PROMPT >> Stop after the line that contains "The US Ethereum". Until then, retype each line of the entries exactly from the first one, skipping pictures.

EXERCISE INPUTS >>
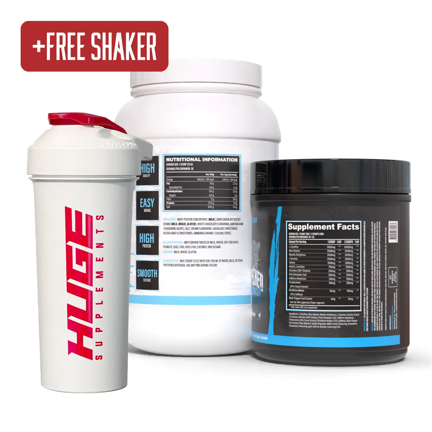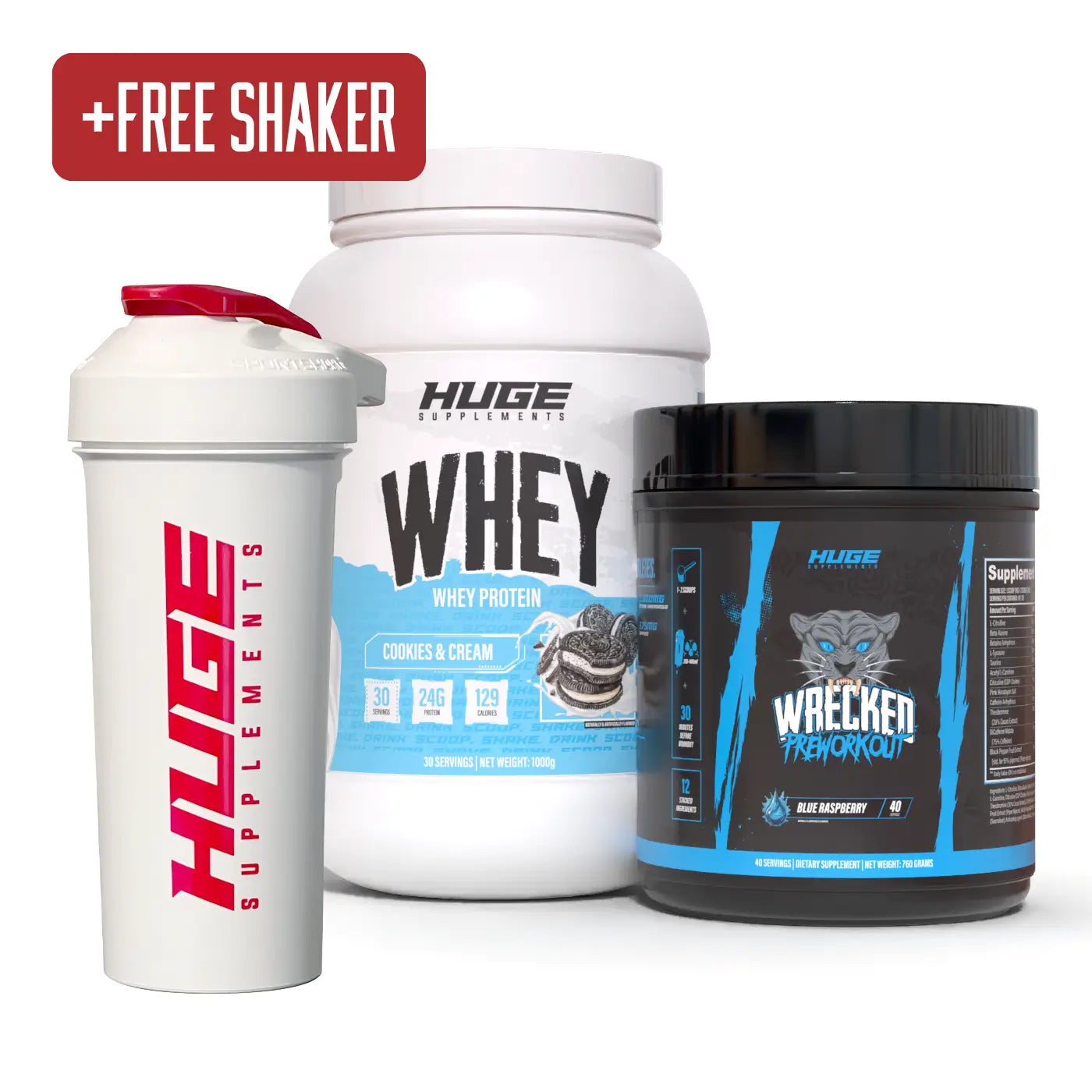 Complementing Wrecked is Huge Whey. Huge Whey is the ultimate whey protein supplement, that can assist you in reaching your fitness and bodybuilding goals. Each serving packs 25 grams of protein to fuel your body with the building blocks it needs for optimal performance and growth.
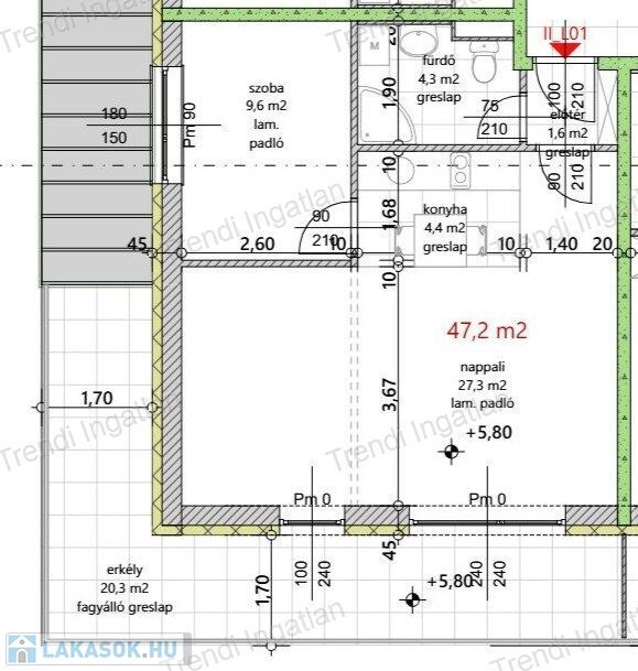 A meghirdetett 2. emeleten található 47,20 nm-es lakásban amerikai konyhás nappali, szoba, fürdőszoba, külön WC, előtér kerül kialakításra. Nappaliból tágas 20,30 nm-es erkély nyílik.
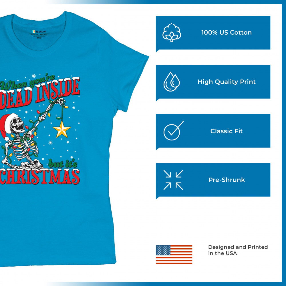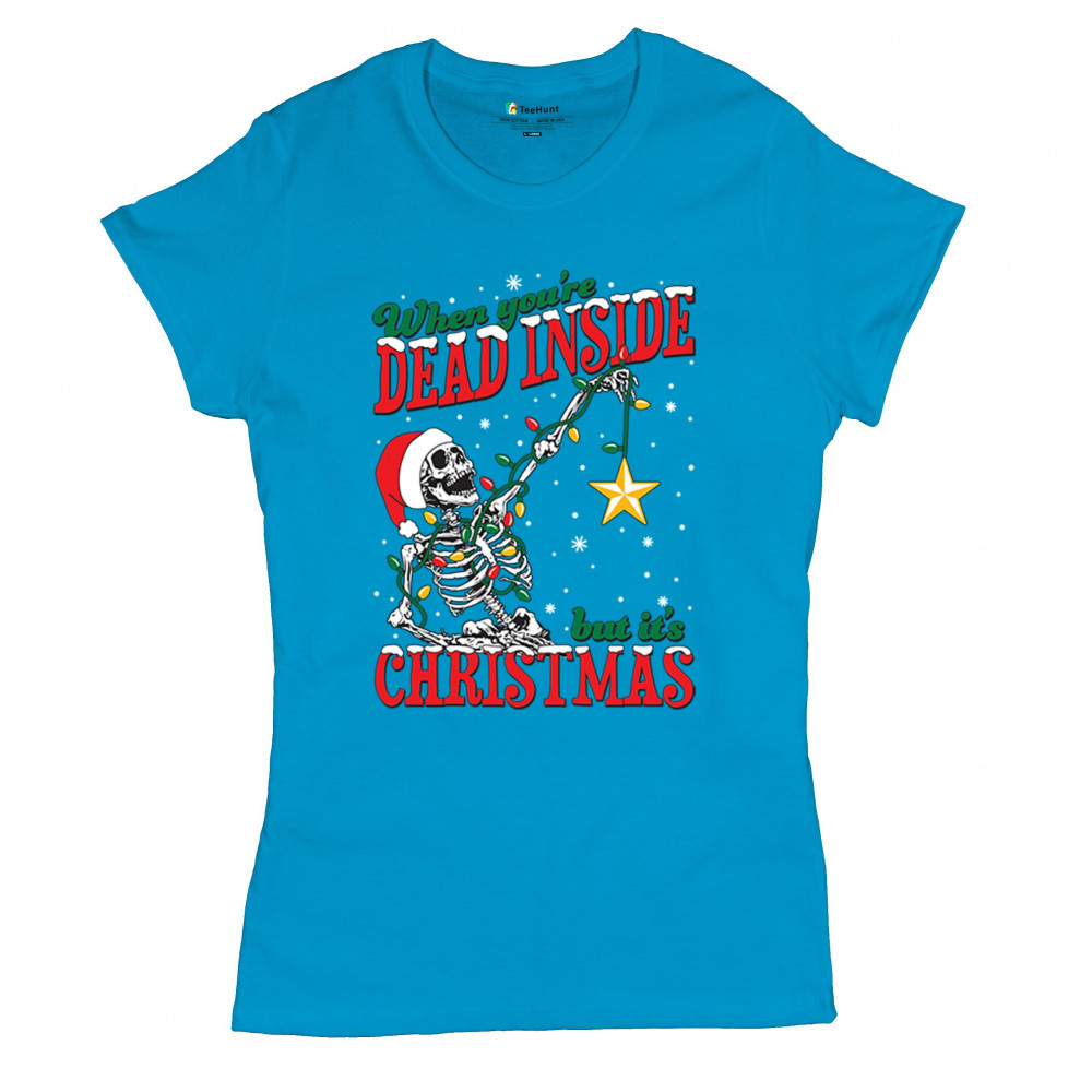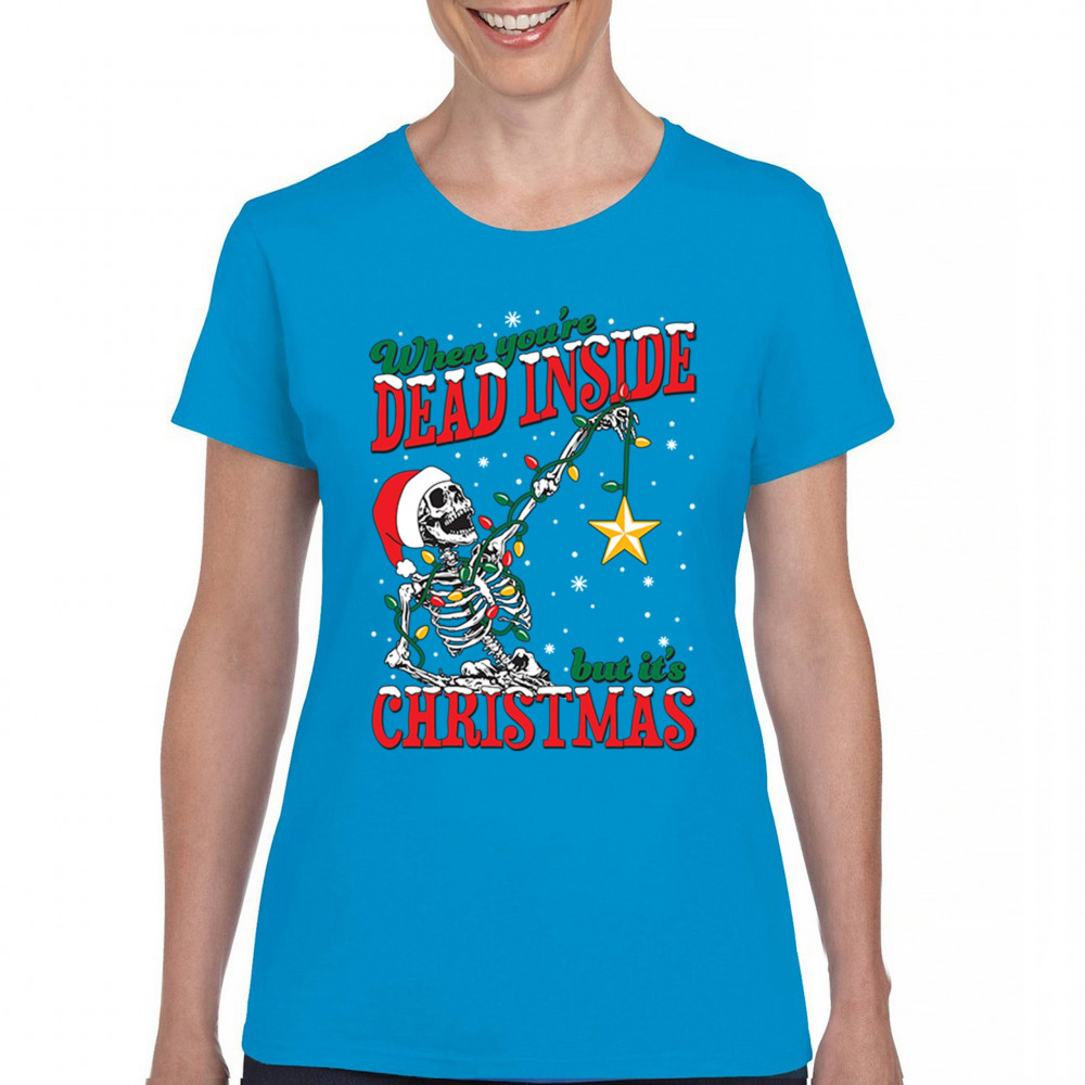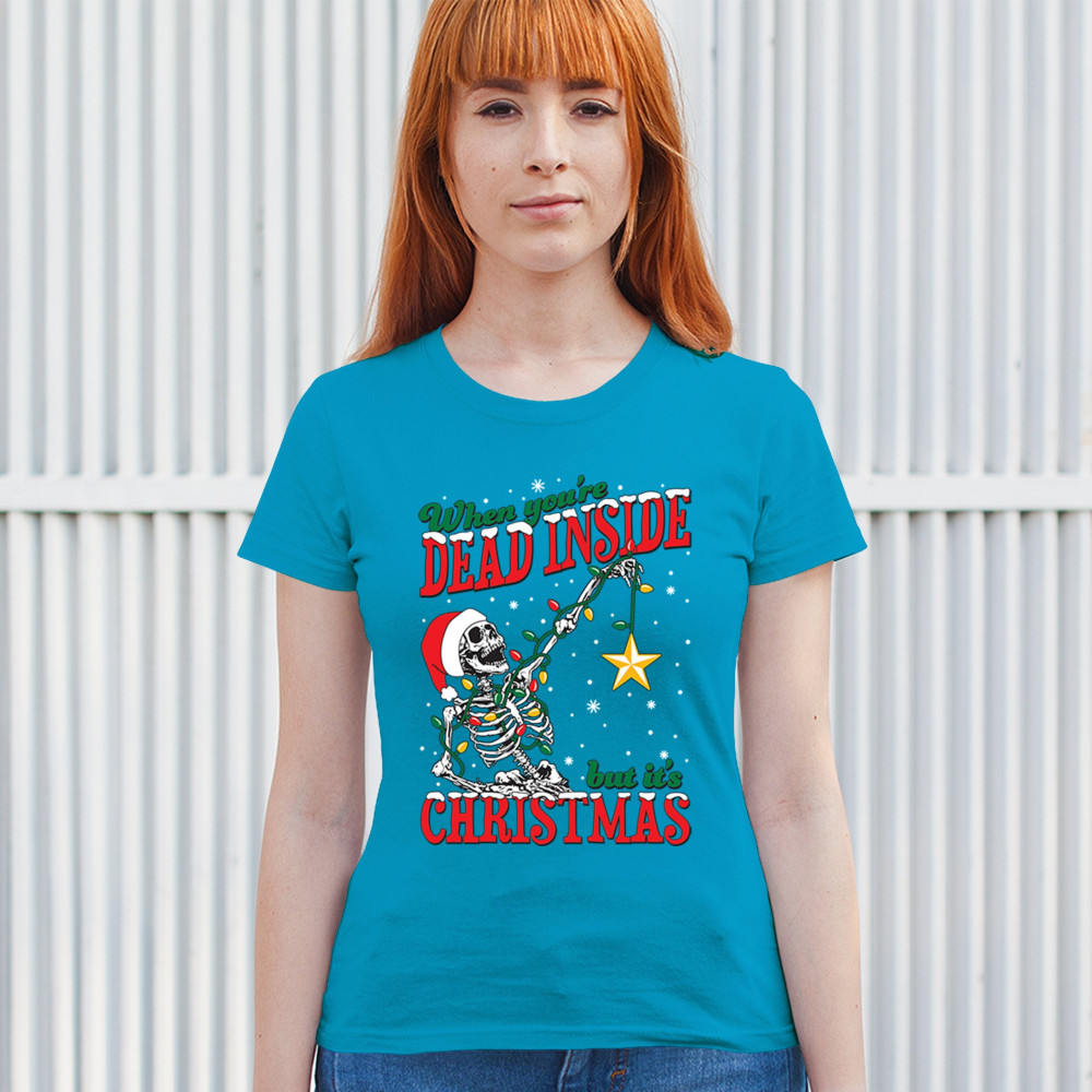 Celebrate humor and holiday spirit with the "When You're Dead Inside But It's Christmas" skeleton design. Perfect for parties and unique gifts.
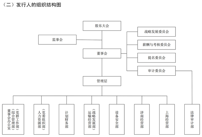 对于京沪高铁公司内部组织结构,招股书披露,目前,公司共设立董事会办公室(综合管理部、党群工作部)、人力资源部(党委组织部)、计划财务部、法律审计部、运输经营部(战略发展部)、设备安全部、济南经营部、上海经营部八个部门。
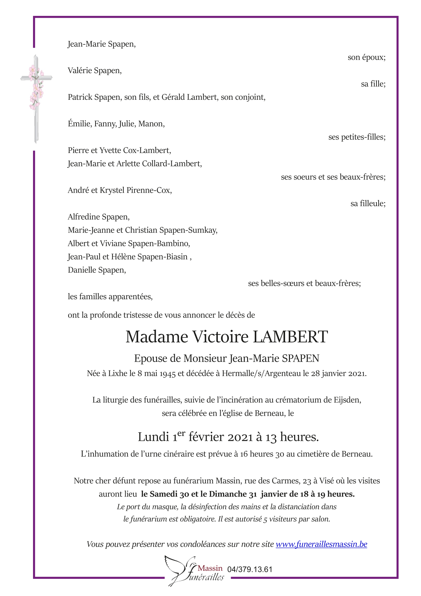 Décédée à Hermalle-sous-Argenteau (4681) le jeudi 28 janvier 2021 à l'âge de 75 ans
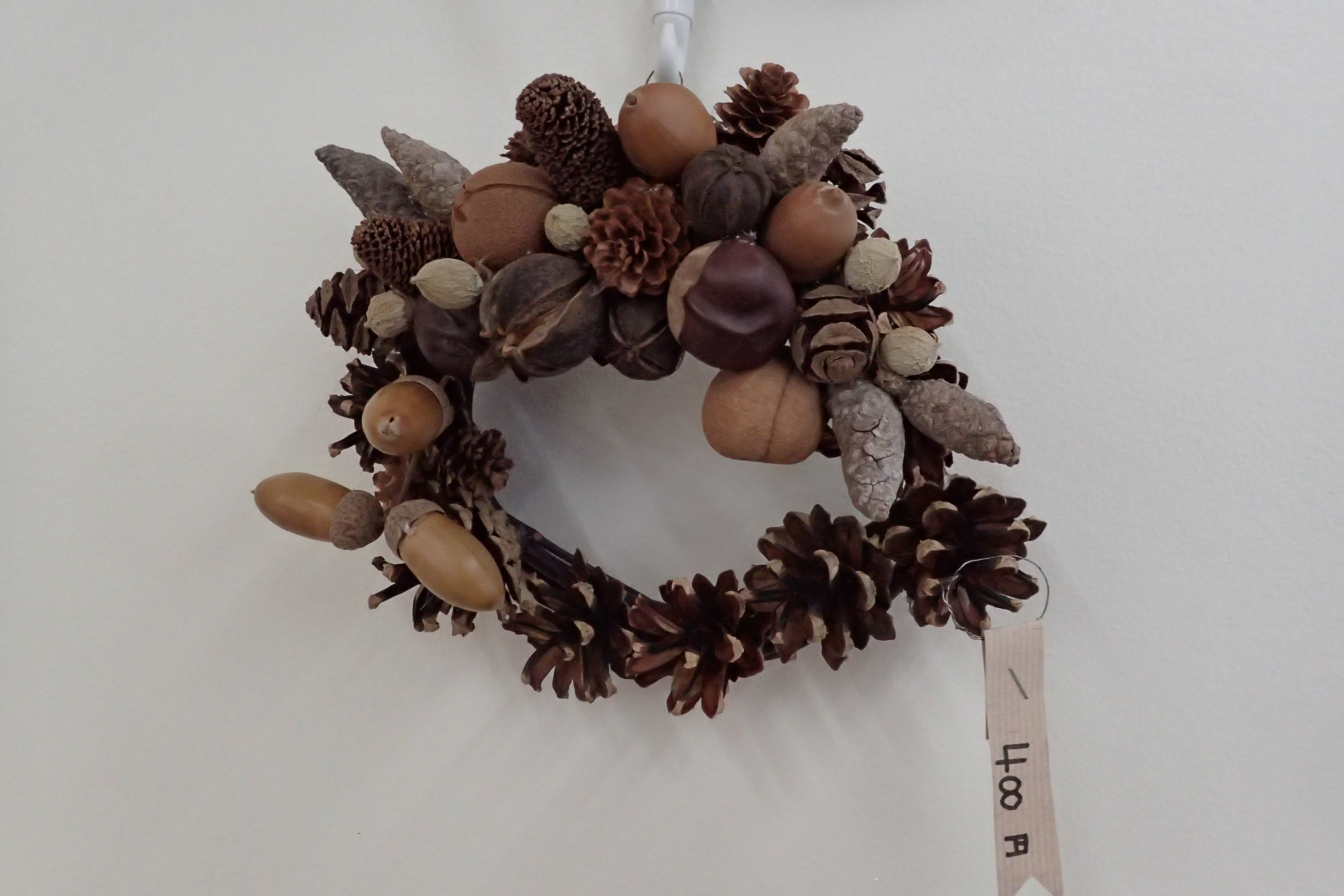 木の実などがぎっしり詰まったボール状のリース。全方位から見られて素敵です。
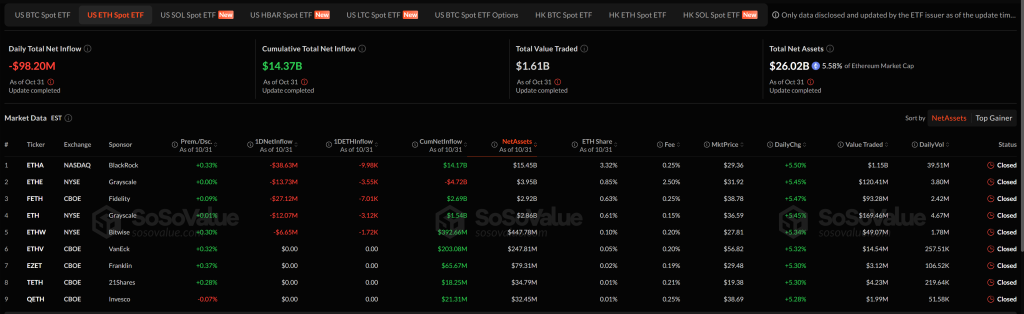 The US Ethereum spot ETFs also saw a net outflow of $98.2 million on October 31. BlackRock’s ETHA recorded the largest outflow of the day at $38.63 million, followed by Fidelity’s FETH with $27.12 million and Grayscale’s ETHE with $13.73 million.
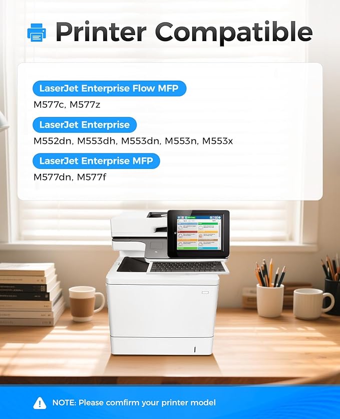 - Compatible Printers: Compatible with HP Color LaserJet Enterprise Flow MFP M577c M577z; Color LaserJet Enterprise M552dn M553dh M553dn M553n M553x; Color LaserJet Enterprise MFP M577dn M577f Series Printer.
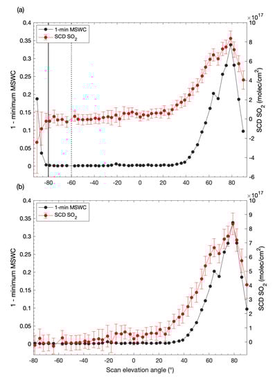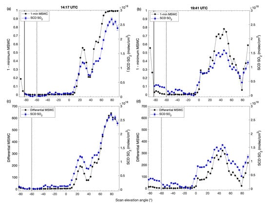 MSWC from spectra recorded at Masaya volcano on 14 March 2019 at (a,c) 14:17 UTC and (b,d) 19:41 UTC. The plot displays one minus the minimum MSWC within the extraction window, compared to the normalized SCD of SO as determined by DOAS for (a,b) all scan elevation angles. SCDs of SO are expressed in standard units of molec/cm, where 1 ppm·m ≈ 2.5 · 10 molec/cm at 20 °C and 1 atm []. (c,d) The differential MSWC is shown for scan elevation angles −82 to 90° from zenith. The differential MSWC is defined as the absolute total value of the MSWC within the extraction window, after subtracting the maximum sum of MSWC returned by the analysis. The solid vertical line in panels (a,b) indicate the cutoff scan elevation angles as shown in panels (c,d), while the dotted vertical lines in panels (a,b) indicate the elevation angle of the reference spectrum. Vertical error bars represent the SO2 fit error []. The DOAS analysis, kindly performed by Dr. Christoph Kern, identified that the field of view was obstructed in the first two spectra (at elevation angles −90 and −86°), and thus they have been excluded from the DOAS results.

OUTPUT FOR THIS TASK >>
 Complementing Wrecked is Huge Whey. Huge Whey is the ultimate whey protein supplement, that can assist you in reaching your fitness and bodybuilding goals. Each serving packs 25 grams of protein to fuel your body with the building blocks it needs for optimal performance and growth.
 A meghirdetett 2. emeleten található 47,20 nm-es lakásban amerikai konyhás nappali, szoba, fürdőszoba, külön WC, előtér kerül kialakításra. Nappaliból tágas 20,30 nm-es erkély nyílik.
 Celebrate humor and holiday spirit with the "When You're Dead Inside But It's Christmas" skeleton design. Perfect for parties and unique gifts.
 对于京沪高铁公司内部组织结构,招股书披露,目前,公司共设立董事会办公室(综合管理部、党群工作部)、人力资源部(党委组织部)、计划财务部、法律审计部、运输经营部(战略发展部)、设备安全部、济南经营部、上海经营部八个部门。
 Décédée à Hermalle-sous-Argenteau (4681) le jeudi 28 janvier 2021 à l'âge de 75 ans
 木の実などがぎっしり詰まったボール状のリース。全方位から見られて素敵です。
 The US Ethereum spot ETFs also saw a net outflow of $98.2 million on October 31. BlackRock’s ETHA recorded the largest outflow of the day at $38.63 million, followed by Fidelity’s FETH with $27.12 million and Grayscale’s ETHE with $13.73 million.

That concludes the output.